In particular, in the Conference, regions don’t outweigh, also because the decision- making models in Conference, as agreements or advices, have a modest collaborative charge, especially when the participation of the Regions’ Governors is following an exception of the distribution of legislative competences, because these models give the definitive appreciation on region’s participation to the State power.

Otherwise, the reform of the Title V, based on the article 114 of the Constitution, provides for equal relations between the State and Regions, that requires the collaboration of find implementation through bilateral instruments.

On the other hand, in the constitutional law case the Conferences become the main collaboration tool in the intersubjective relationships, and also the current practice show the growth of the Conferences’ political role, that can influence government decisions, even through the consultation activity.

For these reasons, the judgement on the suitability of the Conferences to synthesize all the cooperation’s needs, is disputed in the doctrine, and also assume centrality in the general order of the intersubjective fitting.
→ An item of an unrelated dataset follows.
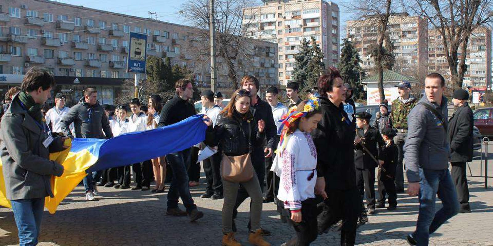 Акція стартувала біля клубу Юних Моряків і переросла у ходу бульваром Шевченка до центру міста. Активісти несли в руках банери, постери, плакати з віршами Шевченка, антивоєнними гаслами, патріотичними рядками, закликами зняти рожеві окуляри та зрозуміти масштаби путінської інтервенції і прихованої агресії проти Української держави.
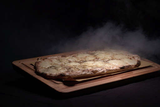 -1 white pizza with 4 cheeses, stracchino, mozzarella, gorgonzola, brie

The Conference seems to be an appropriate place for negotiation of State and regions’ shared wills, for the common objectives’ definition and for the determination of political planning acts’, because these are activities that must be conducted by the executive power; otherwise the Conference is not adequate to legitimate the compensative role, that the cooperation has in the Court constitutional’s law case.

In these cases, the removal of regional’s attributions requires an involvement of the regions in the procedure for the formation of law, that could be implemented by a Federal Chamber, formed by regions’ representatives, that might coexist with decision-making models adopted by the executive power in Conferences.